Julien Marinetti
Julien Marinetti (born 1967) is a French painter, sculptor and visual artist. He is the creator of "Doggy John" series of sculptures.
Biography
[edit]Julien Marinetti was born on 19 January 1967, in Paris.[1] He spent his childhood in the neighborhood of Saint-Germain-des-Prés, next to the School of Fine Arts, which he attended a few years later.[2] He also worked at the workshops of artists Paul Belmondo and Edmond Heuzé, in the same area.[3]
Later, he studied the nude at the Académie de la Grande Chaumière[4] and developed a great interest in the academic drawing.
In 1997, a meeting with the painter Jean Dewasne became a turning point for Marinetti.[5] He discovered the constructive abstraction concepts and antisculptures. Not only the represented object is important but the additional treatment on it (such as paintings).[clarification needed].[6]
His first exhibitions in the 1990s (Salon des Independants, Salon de la Jeune Peinture etc.) were focused on the reinterpretation of the major issues of religious painting - Crucifixion, Transfiguration, Adam and Eve in different styles; classicism, realism, figuration libre.[7]
In 2004, he returned to sculpture and invented "Doggy John", a bronze bulldog on which he applies a pictorial treatment, mixing painting and sculpture. He developed a syncretism of art where the sculpture is not a figurative object by itself but becomes the support of a pictorial work. In 2007, his work "Doggy John-Obama" was presented at the Grand Palais. Since then, his sculptures have been exhibited in several countries and galleries worldwide.[7][8]
In 2009 and 2010, while exploring the relationship between painting and sculpture, he created other models - "Skull" (a human skull), Kwak (a duck) and Popy (a teddy bear).[9] His stay in Asia in 2011 led him to imagine the Bâ family of pandas, which are found in the cities of Singapore and Chengdu.[10]

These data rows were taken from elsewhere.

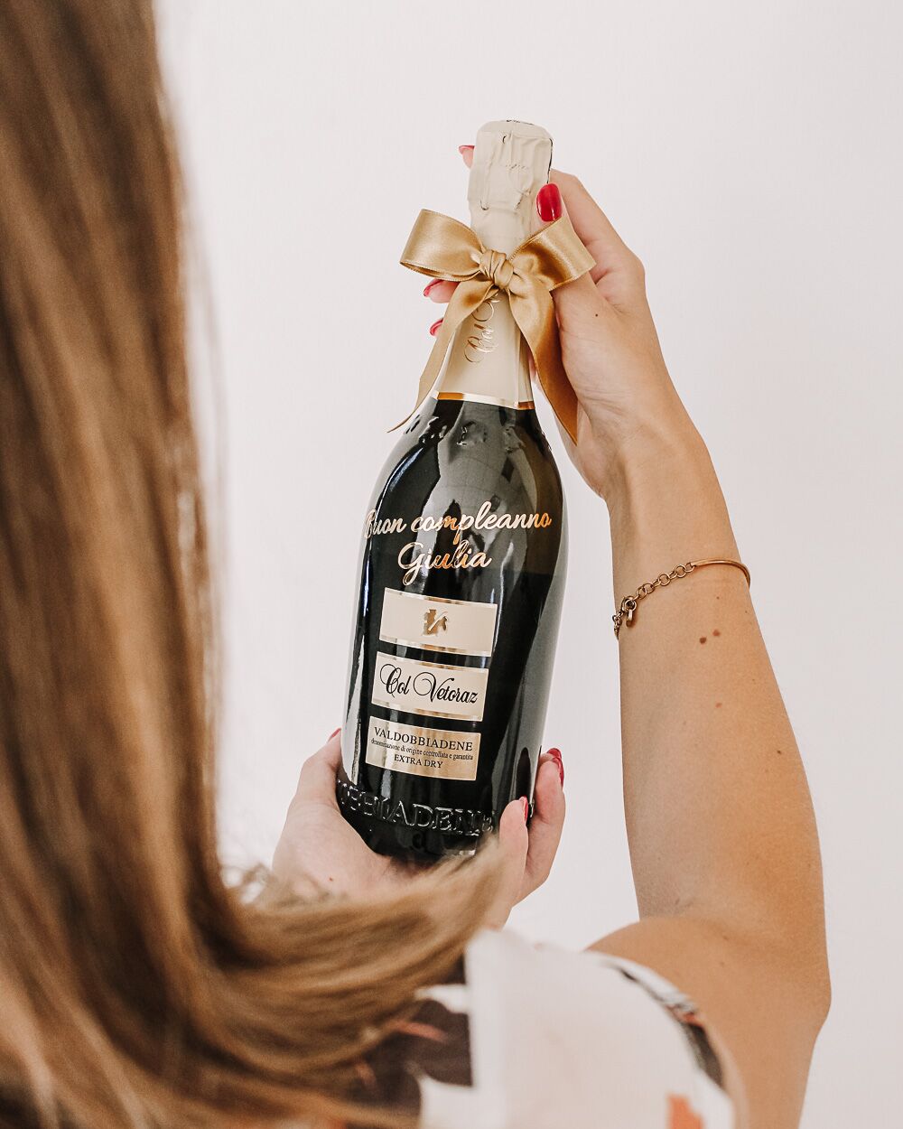 Stupisci tuo marito oppure il tuo compagno con questa stupenda bottiglia di Prosecco Valdobbiadene DOCG Col Vetoraz, personalizzata con scritte dorate che recano il suo nome. Un vino importante per celebrare un evento altrettanto speciale: con questo regalo farai un figurone assicurato!
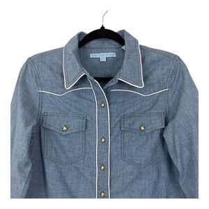 Draper James Womens Size Small Western Piped Chambray Button Down Shirt
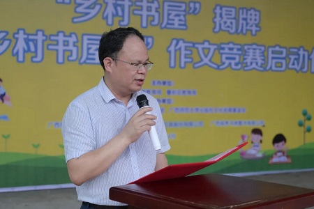 为促进“乡村书屋”文化惠民活动扎实开展,进一步提升城乡居民素养,在桂林市城乡形成全民阅读的浓厚氛围,凝聚乡村振兴文化软实力,4月28日上午,由桂林市教育局、叠彩区教育局主办,桂林银行桂林分行、广西期刊传媒集团、广西师范大学出版社文化发展基金会承办的“乡村书屋”揭牌仪式暨“乡村书屋杯”作文竞赛启动仪式在桂林市叠彩区大河乡上阳家村举行。桂林市委教育工委委员、市教育局党组成员、副局长文泽鸿,广西师范大学出版社集团党委书记、董事长黄轩庄,桂林银行党委委员、副行长兼桂林分行行长范军民,叠彩区副区长蒋闻,桂林市教育局德育科科长巫自识,叠彩区教育局局长吴海云等领导嘉宾出席了本次活动。
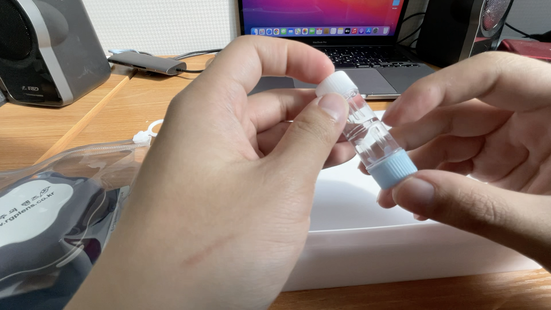 세척 후 손과 렌즈통을 잘 닦아줘야 합니다.

In July 2021, an exhibition took place in Strasbourg, France.
Artistic style
[edit]Julien Marinetti is known for his syncretic approach that treats the bronze object as a three-dimensional painting, expressing a figurative art. Drawn then sculpted in clay each model, he uses bronze as his primary material. The lacquer enhances colors of his sculptures.[11][12] Doggy John the bulldog, Kwak the duck, Popy the teddy bear, and Bâ the panda feature in several of his works.
References
[edit]- ^ "EURO LATIN NEWS . COM". eurolatinnews.com.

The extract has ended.